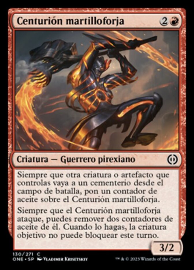 | Rules | Whenever another creature or artifact you control is put into a graveyard from the battlefield, put an oil counter on Forgehammer Centurion. Whenever Forgehammer Centurion attacks, you may remove two oil counters from it. When you do, target creature can't block this turn. |
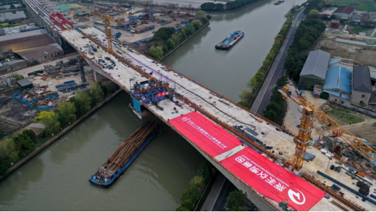 湖州交通集团湖杭高速指挥部相关负责人介绍,“旧馆高架桥1#桥连续梁跨越的长湖申运河,是湖州市航运交通的重要干线,货运量占湖州航运的80%以上;G318国道晚高峰每小时车流当量超过2000辆,桥下航道运输繁忙、车流量大,连续梁涉航涉路施工任务重、安全风险极高。”
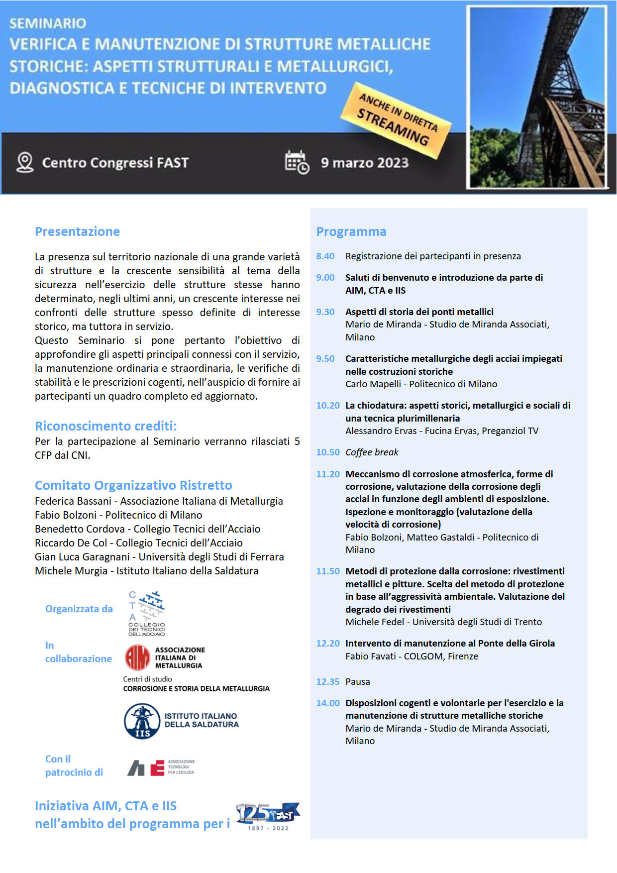 9 MARZO 2023 – GIORNATA DI STUDIO: VERIFICA E MANUTENZIONE DI STRUTTURE METALLICHE STORICHE – ASPETTI STRUTTURALI E METALLURGICI, DIAGNOSTICA E TECNICHE DI INTERVENTO
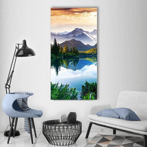 Sunny Day In Mountain & Lake Vertical Canvas Wall Art
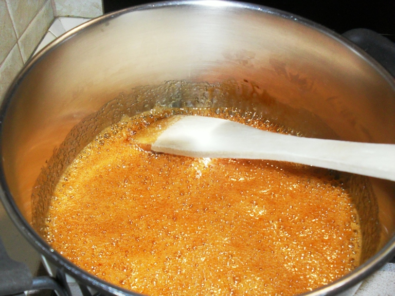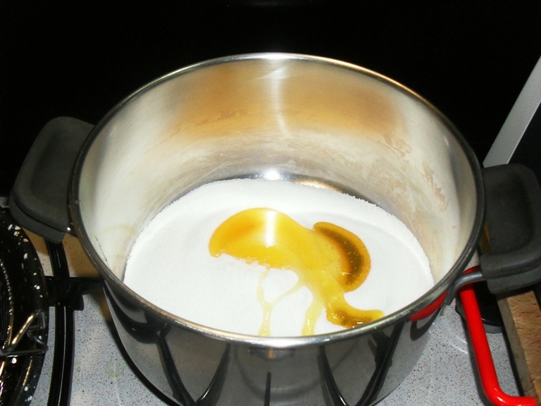 IN UNA PENTOLA CAPIENTE METTERE LO ZUCCHERO E IL MIELE FARE IL CARAMELLO ,
* * * * * * * * *
Assigned task =>
Give again, word for word, the line that contains "Sunny Day In" and every line after it through the end of the entries; omit the pictures.

Exercise solution =>
 Sunny Day In Mountain & Lake Vertical Canvas Wall Art
 IN UNA PENTOLA CAPIENTE METTERE LO ZUCCHERO E IL MIELE FARE IL CARAMELLO ,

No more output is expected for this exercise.